Since then, the researchers have increased the coverage to 6X, or 3X per haplotype, using 250-base-pair reads. Another 2X with 150 base pair reads is “to be added shortly,” Wheeler told In Sequence in an e-mail message this week.
In addition, the team has validated a number of indels in the coding sequence that range in size from three to 33 bases, and has validated a set of deletions and duplications larger than 30 kilobases. “We are working on other types of rearrangement, which I am hopeful we can find,” he said. In addition, “we may be honing in on some genes in the fraction of the reads that don’t hit the reference genome.”
The data is being submitted to the National Center for Biotechnology Information Trace Archive, while the SNP locations and read mapping locations are being submitted to genome browsers at Cold Spring Harbor Laboratory, NCBI, and the European Molecular Biology Laboratory, according to Wheeler.
However, Watson has the final say over which parts of his genome will be published. So far, he has decided to exclude his apoE gene from the analysis, which could reveal susceptibility to late-stage Alzheimer’s disease.
A “high-profile journal” is currently analyzing the data, according to Richard Gibbs, co-director of Baylor’s Human Genome Sequencing Center, who spoke during the press conference.

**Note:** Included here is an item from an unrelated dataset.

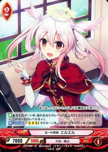 Nombre comercial en japonés: アンジュ・ヴィエルジュ/U/赤/PG/天使/魔法/ブースターパック「たった一つの願い」 B12-059[U]:(パラレル)友への悪戯 エルエル

Venter’s Genome: True and Trusted Technology
The JCVI researchers have submitted their analysis of Venter’s genome to Public Library of Science Biology and are hoping for it to be published in July, according to a spokeswoman for the institute.
The scientists had a head start for their project because a 3.5X coverage of Venter’s genome was already contained in Celera’s assembly of the human genome that was published in 2001.

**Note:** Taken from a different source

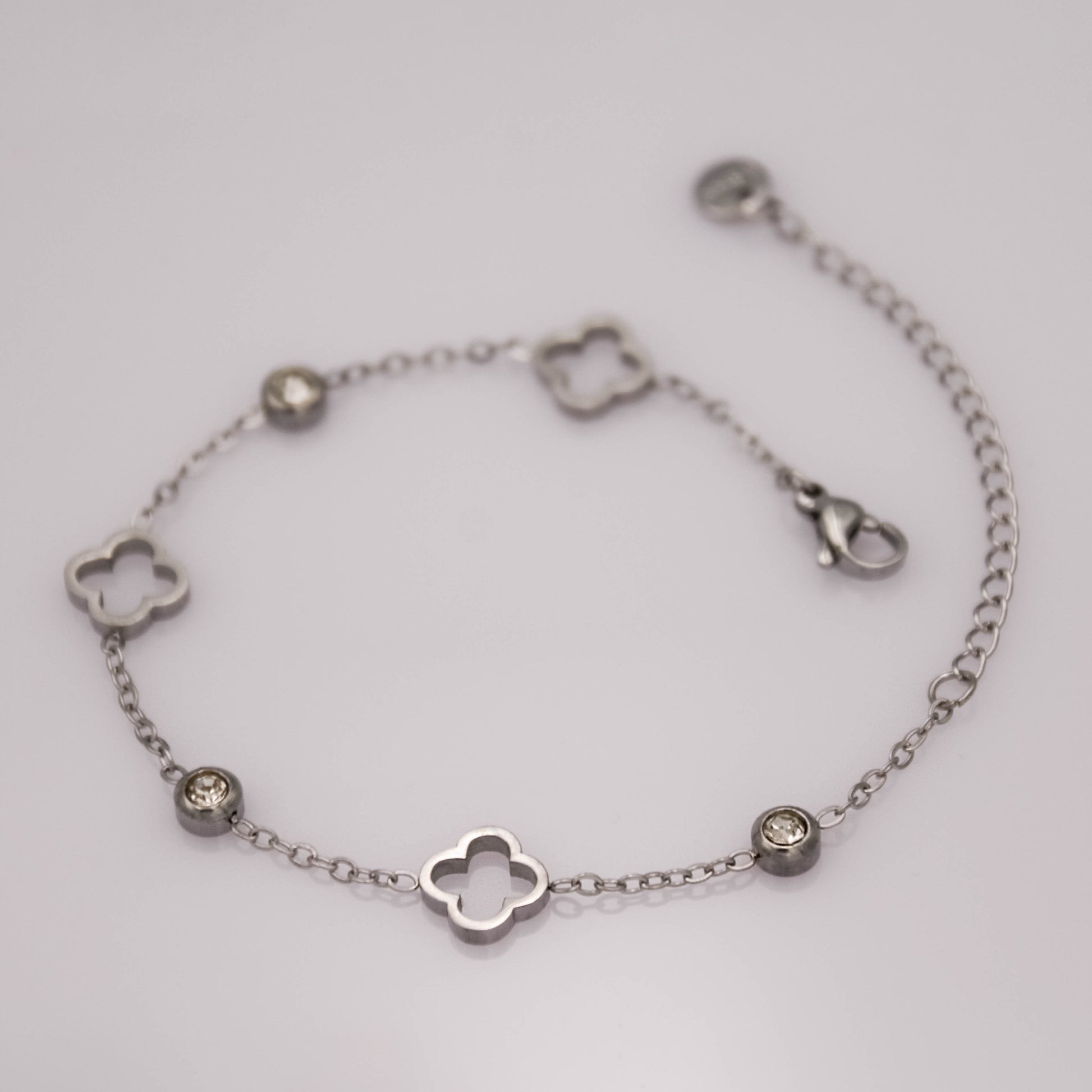 Ezüst színű karkötő cirkónia kristályos- és virág medálokkal.

“I think that cost has to be put not in the context of just fold-coverage of a genome but actually what the end product looks like.”
“Once [Celera] deposited those [traces] in the Trace Archive, we could access those and use it, and we supplemented that [with 4X coverage here] to complete it to about 7.5X coverage,” said Sam Levy, a senior scientist in the human genomic medicine group at JCVI who headed the project.

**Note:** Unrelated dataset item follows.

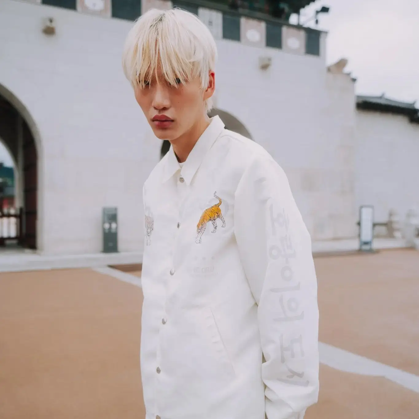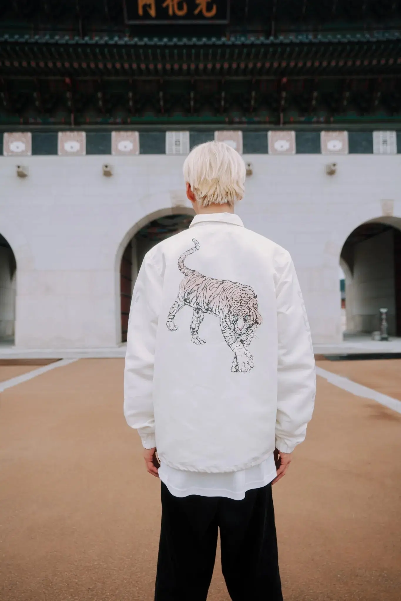 This coach jacket, crafted from sleek glossy polyester, exudes a refined yet effortlessly cool vibe. The striking tiger graphics on the front and back, coupled with distinctive sleeve lettering, elevate its bold aesthetic. Available in ivory or black, it offers versatility while the button closure and adjustable drawstring hem provide a tailored, comfortable fit. A statement piece that fuses modern luxury with everyday practicality, perfect for those who value style with an edge.

The scientists generated the additional coverage by capillary electrophoresis sequencing with average read lengths of 800 base pairs — longer than the 500 base-pair reads of the Celera data. They used a modified version of the original Celera assembler to create a de novo assembly of the genome. Those modifications, which they plan to make publicly available once their paper is published, allowed them to display a diploid genome.
“We really tried to use the widest range of potential mixtures of library sizes; we have optimized the assembly, we did assemblies as we went along to try and get the best possible complete sequence at the end,” Levy said.
Having an assembly of the diploid genome “really enabled us to identify the full scope of the structural variation, and DNA variation from single base pair changes, all the way up to large copy-number changes,” he said. “And we have done extra work to corroborate some of the findings.”
All data, including the traces and the assembly, are currently available from NCBI, according to Bob Strausberg, deputy director of the institute and leader of its human genomic medicine group.
The JCVI scientists would not elaborate on the cost of the project, which has been ongoing for several years, although “it could have been expedited more,” Strausberg said. “I think that cost has to be put not in the context of just fold-coverage of a genome but actually what the end product looks like,” he said.
But scientists will have to wait at least a few more weeks to read about the results of the two sequencing efforts in journal articles.